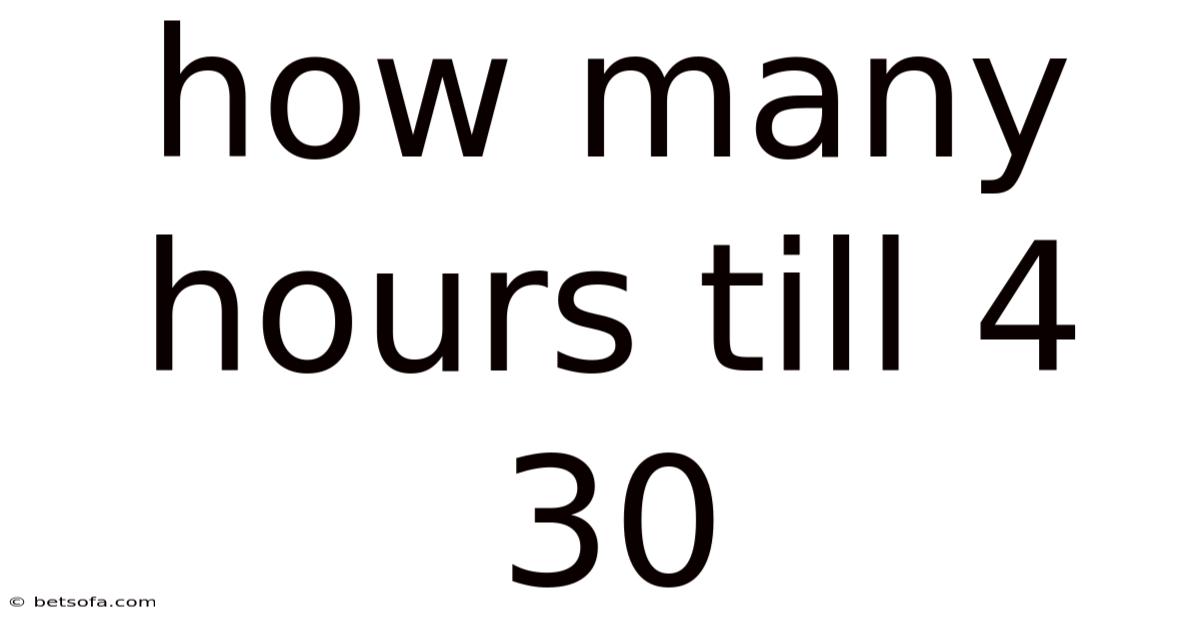 Time is a fundamental construct that governs our lives, dictating schedules, deadlines, and the very rhythm of our daily existence. Even so, in our modern, digitally-driven world, the simple act of determining the duration between a current moment and a specific future time has become a common computational task. So whether you are planning a meeting, setting an alarm, or tracking a project milestone, the question of how many hours till 4:30 is a frequent and practical inquiry. But this article provides a comprehensive exploration of this specific temporal calculation, breaking down the methodology required to determine the exact number of hours and minutes remaining until 4:30 PM or AM. We will dissect the logic behind the math, offer real-world applications, and clarify potential pitfalls to ensure you can perform this calculation with confidence in any scenario.
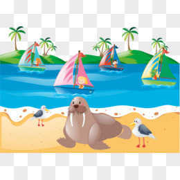 矢量膨胀风立体椰子沙滩创意免抠元素
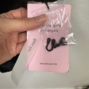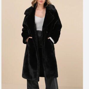Avec Les Filles Black Faux Fur Long Coat Womens L Classic Warm Jacket Preppy
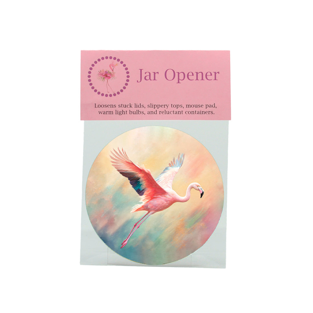 JAR OPENER - This jar opener loosens stuck lids, slippery tops, warm light bulbs and reluctant containers. This would also make a cute mini mousepad for a computer. Another good idea is to use it as a coaster. The top surface is a polyester with an open cell tan rubber backing. The jar opener is packaged in a clear bag with a top information card for hanging. Size: 5” x .06”
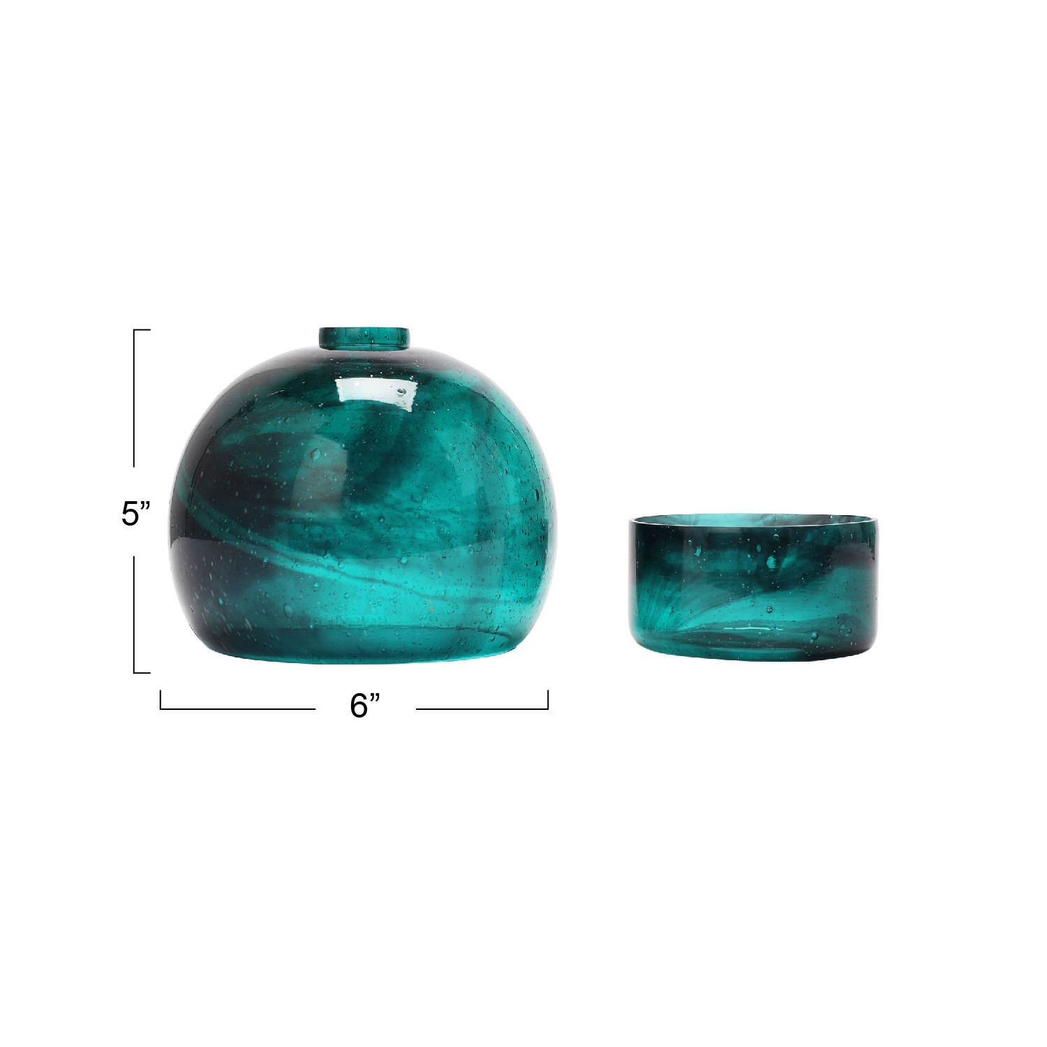 Catalog Name: 6" Round x 5"H Glass Tealight Holder/Vase w/ Cloche, Teal Color, Set of 2
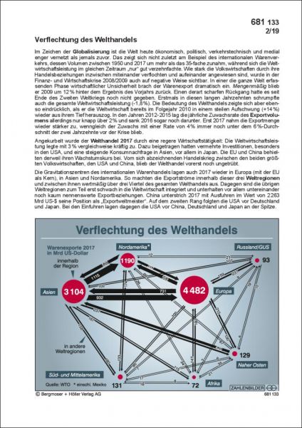 Die Gravitationszentren des internationalen Warenhandels lagen auch 2017 wieder in Europa (mit der EU als Kern), in Asien und Nordamerika. So machten die Exportströme innerhalb dieser drei Weltregionen und zwischen ihnen wertmäßig über drei Viertel des gesamten Welthandels aus. Dagegen sind die übrigen Weltregionen zum Teil erst schwach in die Weltwirtschaft integriert und unterhalten vor allem untereinander noch kaum nennenswerte Exportbeziehungen. China unterstrich 2017 mit Ausfuhren im Wert von 2 263 Mrd US-$ seine Position als „Exportweltmeister“. Auf dem zweiten Rang folgten die USA vor Deutschland und Japan. Bei den Einfuhren lagen dagegen die USA vor China, Deutschland und Japan an der Spitze.
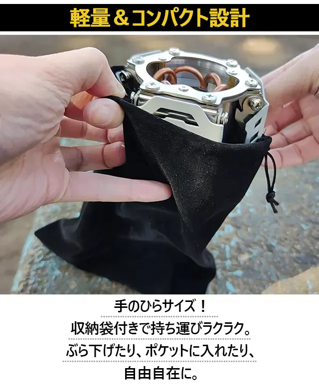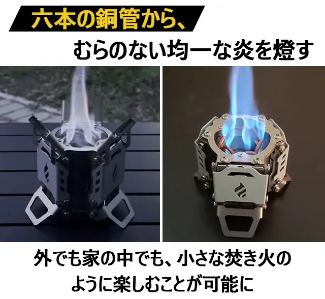 毛細管現象を利用して、六本の銅管から生まれた安定した高火力で調理や暖もとれます。キャンプをより一層、楽しい空間にしてくれることでしょう。
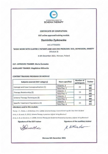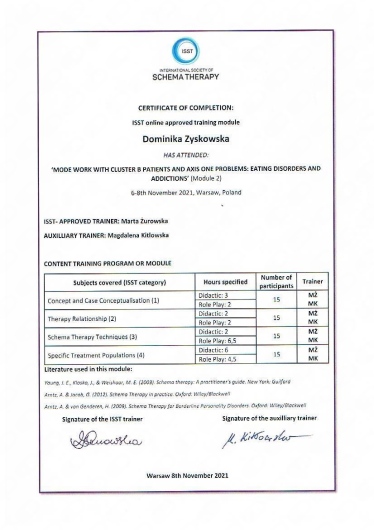 Stale podnoszę swoje kwalifikacje regularnie uczestnicząc w szkoleniach. Swoją pracę poddaję superwizji.
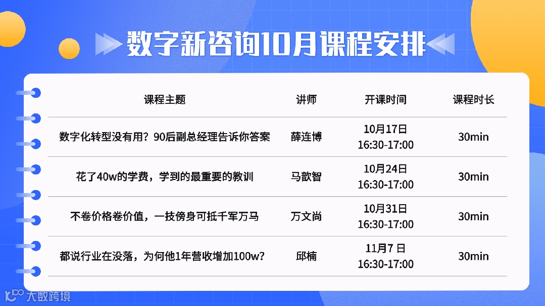 接下来的10月至12月,每周四16:30点都会有一节精品课程,千万别错过!
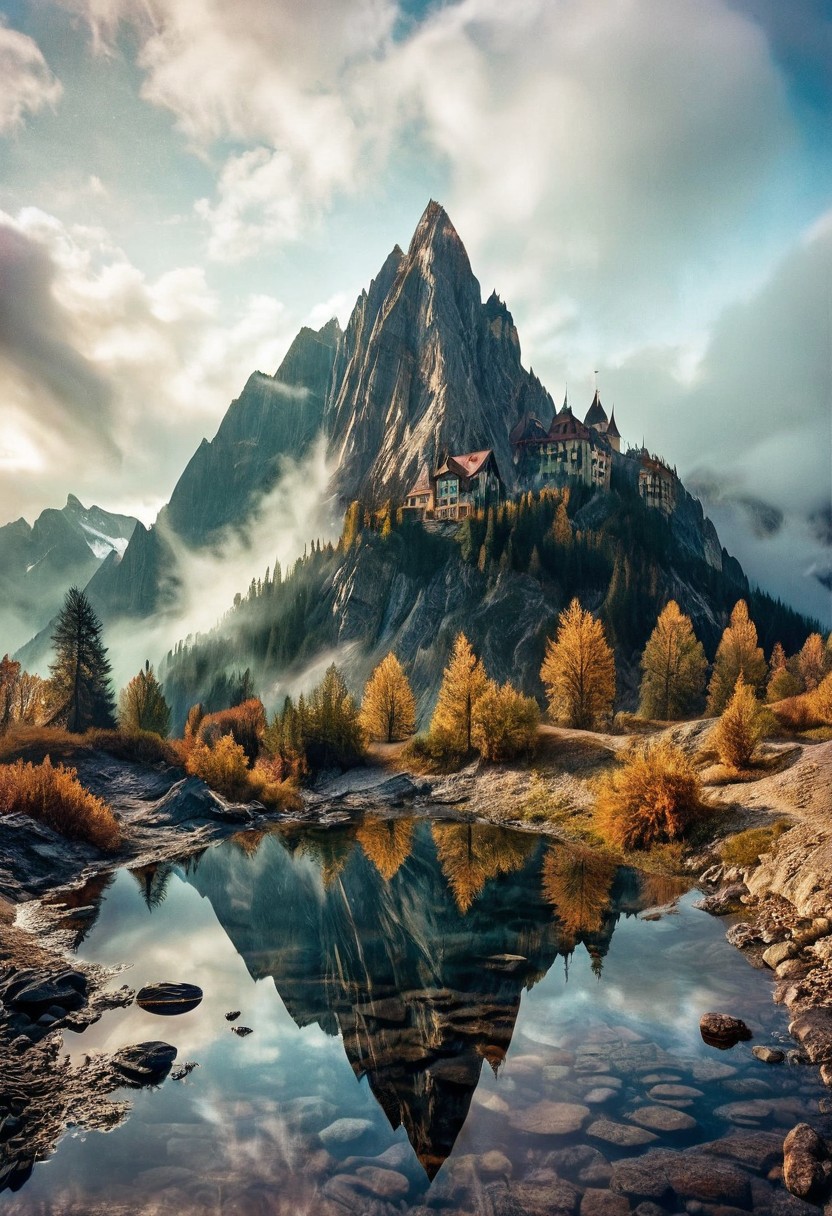 their peaks veiled in mist. mixed media, surrealism, great lighting, A surreal landscape highly detailed . extremely high-resolution details, appears trapped in an optical illusion of reflections and refractions colorful , professional photography, natural lighting, GhostlyStyle, volumetric lighting maximalist. intricately detailed, complex, elegant, expansive, fantastical, film photography style, medium grain, lthndrtrl
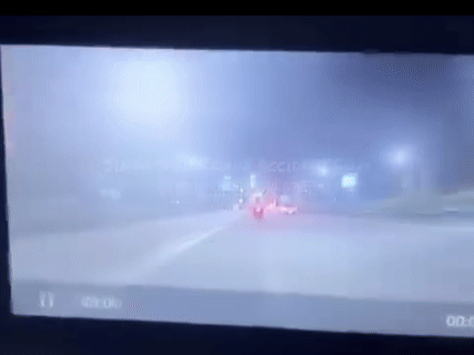 In the process, it wiped out a motorcycle that was travelling in the far-left lane.
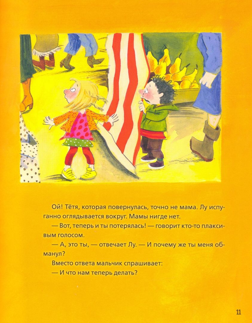 Лу и мама идут на рынок. Они хотят купить хлеб и бананы. На рынке сегодня настоящее столпотворение. "Надеюсь, ты не потеряешься здесь", – говорит мама. В толпе очень тесно. Лу видит только ноги. К счастью, у мамы красный плащ. Он такой яркий, что не упустишь из виду. Лу тянет за плащ. Ой! Тётя, которая повернулась, точно не мама. Лу испуганно оглядывается вокруг. Мамы нигде нет.
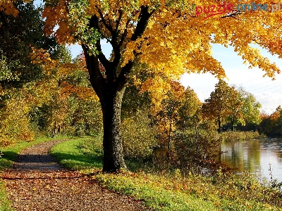 Puzzle Liście, Rzeka, Droga, Jesień
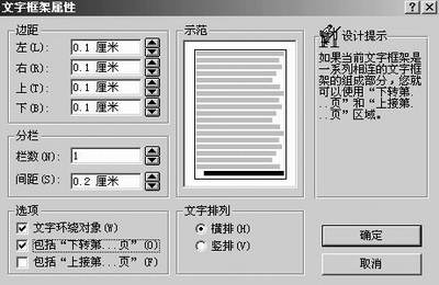 如果我在第二、三版分别插入两个文字框,在第二版中文字框里输入的内容大大超出这个文字框所能够容纳的范围。那该怎么办呢?你一定会说,当然继续在第三版那个文字框中输入了。不过我要是在前一个文字框中再增删文字呢?还得手工调整另一个文字框,实在麻烦!最好的办法是使用Publisher专门设计的流动功能。让前一个文字框内S余的内容自动地流入下一个文字框。
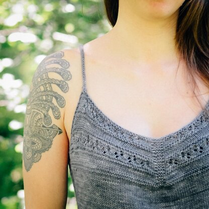Worked from the top down, the front starts with a lace section that pairs as an easy way to create a flattering sweetheart neckline, while the race back is comfortable to wear. From the underarm to the bottom, the top is worked in the round in almost plain stockinette rounds, ending with a simple lace pattern at the bottom. The straps are knit as icords, joining the front and back at the shoulders.
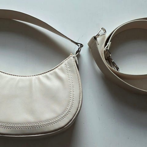Musta, kiiltäväpintainen H&M olkalaukku. Ehjä on, mutta pientä käytönjälkeä näkyvissä siellä sun täällä. Yksi isompi tasku jonka kiinnitys magneettinepparilla ja lisäksi pienempi tasku vetoketjulla. Leveys n. 27,5 cm ja korkeus n. 19 cm.
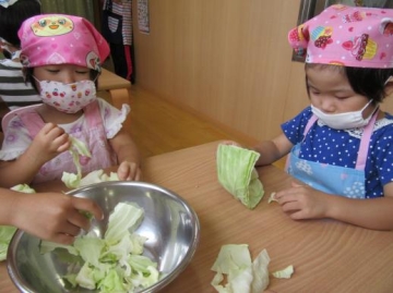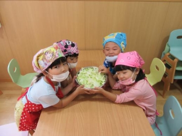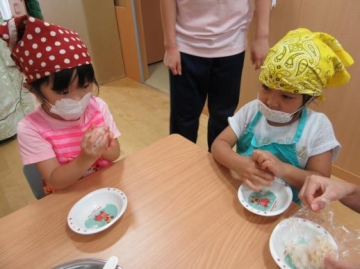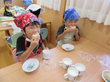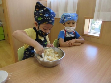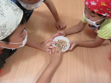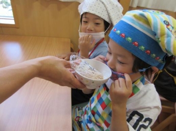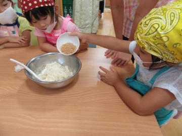 いい匂いをかいで、みんなでごはんに混ぜました。
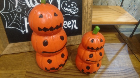 ここからは、木でできたものです。ジャックオーランタンが3つ積まれていて可愛いです♪
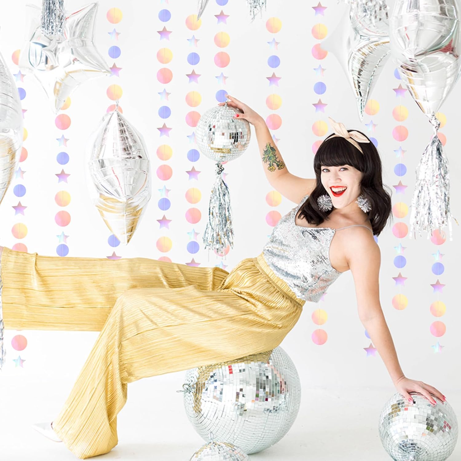 Iridescent Disco-Holographic Birthday Party-Decorations Garland - 52Ft Star Neon Wedding Hanging Paper Streamers Banner,Christmas Bachelorette Baby Bridal Shower Engagement Decor Ouruola
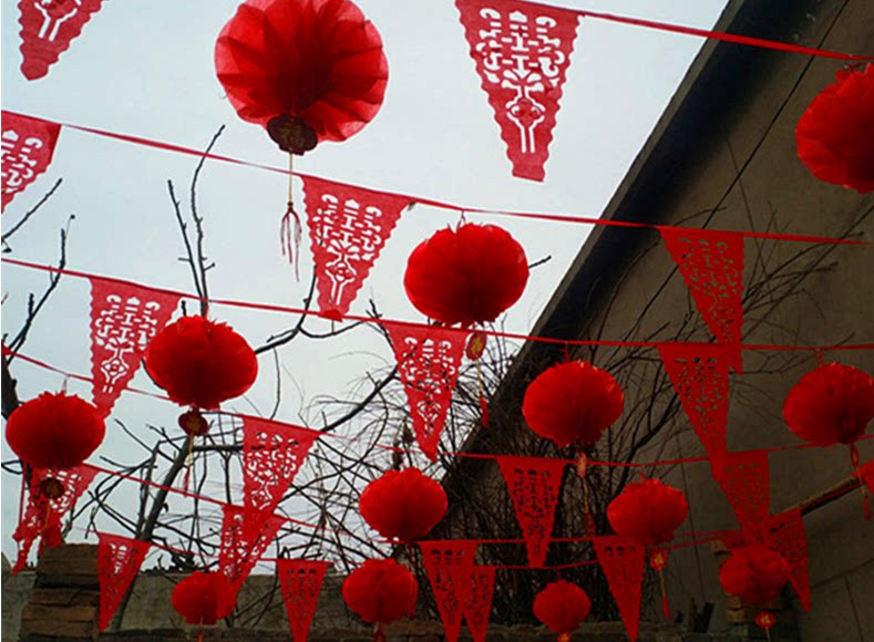 Wedding Triangle Strings Flag Opening and Flag Hanging Accessories Construction Site Color Flags Outdoor Decoration Wedding Xi Character Small Banner Scene Arrangement
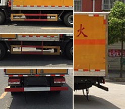 | 其他 | 该车适用于运输危险品为危险货物运输车。厢体顶部封闭,不可开启,随底盘选装驾驶室。选装右侧箱体不开门,选装侧门型式及位置,选装厢体内部结构。仅采用底盘子午线轮胎和带ABS的底盘,该车前轮安装盘式制动器,前置排气管,装配限速装置,限速80km/h。安装带有卫星定位功能的行驶记录仪。安全装置为导静电带,用于防止静电。该车为危险货物运输车.用于运输具有独立容器(瓶)包装的锂,铝粉,锌粉,镁粉及镁合金粉,冰片,硫,磷,三硝基苯,含油废棉,鱼粉,磷化钠(锡),碳化钙(铝)等.运输介质类别和项别号:4.1,4.2,4.3。侧防护和后防护装置材料材质为Q23碳钢,侧防护与厢体底部焊接连接,后防护装置与车架采用焊接连接。后防护截面尺寸(mm):100×50,离地高度为440mm。仅采用发动机型号4B2-115C50对应油耗值分别为油耗 (L/100km):12.61。ABS系统控制器型号是CM4XL-4S/4M,ABS系统控制器生产企业是广州科密汽车电子控制技术股份有限公司. | ||
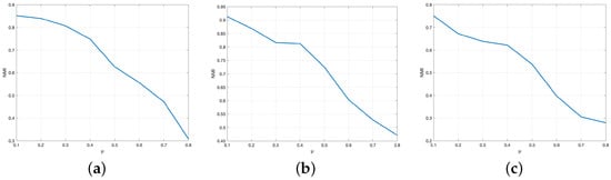 In Figure 3, when the interlayer dependence tensor p is closer to 1, the corresponding NMI value becomes larger and larger. This shows that the interlayer dependency tensor controls the similarity of the common communities in different layers. The greater the interlayer dependence tensor, the higher the degree of community integration between different layers. In this case, the algorithm is more accurate in detecting the shared communities and exclusive communities in the multiplex network.
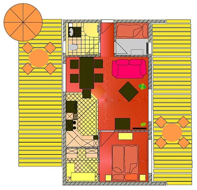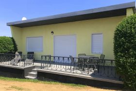 Der frisch renovierte auf ca. 55 Quadratmeter große Bungalow ist komfortabel und gemütlich eingerichtet. Insgesamt verfügt er über 3 Zimmer und bietet eine Ausstattung für 4 Gäste + Kleinkind.
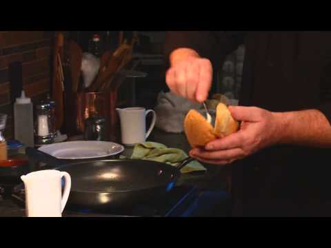 - Dredge in corn flour mix, let sit while your heat the pan, dredge in corn flour mix a secound time. Ladle clarified butter on griddle, place walleye corn crust down and cook for 3 minutes, tun and cook another 2.
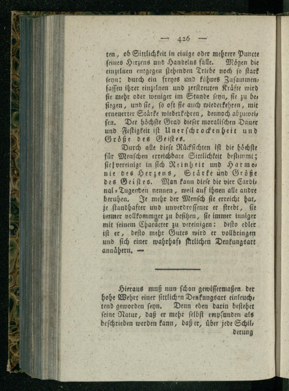Achter Abschnitt. Von der Natur und dem hohen Wehrte einer sittlichen Denkungsart.
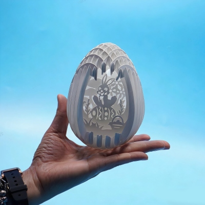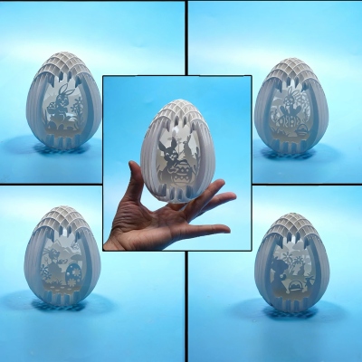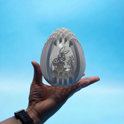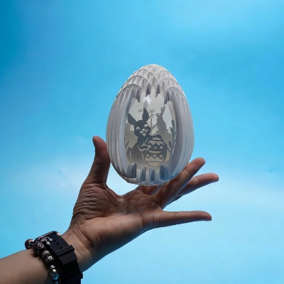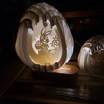 Encantador diseño 3D cortado con láser : esta mágica lámpara de huevo de Pascua presenta una delicada silueta hueca de conejitos, flores y huevos, intrincadamente tallados en una estructura en capas que crea una profundidad impresionante al encenderse. El cálido resplandor interior proyecta sombras suaves, convirtiendo cada pieza en una brillante obra de arte, perfecta para la hora de dormir o como decoración navideña.
________________________
Restate word for word, please, the line containing "- Dredge in" and all lines after it through the end of the material; the pictures do not belong in the copy.

 - Dredge in corn flour mix, let sit while your heat the pan, dredge in corn flour mix a secound time. Ladle clarified butter on griddle, place walleye corn crust down and cook for 3 minutes, tun and cook another 2.
Achter Abschnitt. Von der Natur und dem hohen Wehrte einer sittlichen Denkungsart.
 Encantador diseño 3D cortado con láser : esta mágica lámpara de huevo de Pascua presenta una delicada silueta hueca de conejitos, flores y huevos, intrincadamente tallados en una estructura en capas que crea una profundidad impresionante al encenderse. El cálido resplandor interior proyecta sombras suaves, convirtiendo cada pieza en una brillante obra de arte, perfecta para la hora de dormir o como decoración navideña.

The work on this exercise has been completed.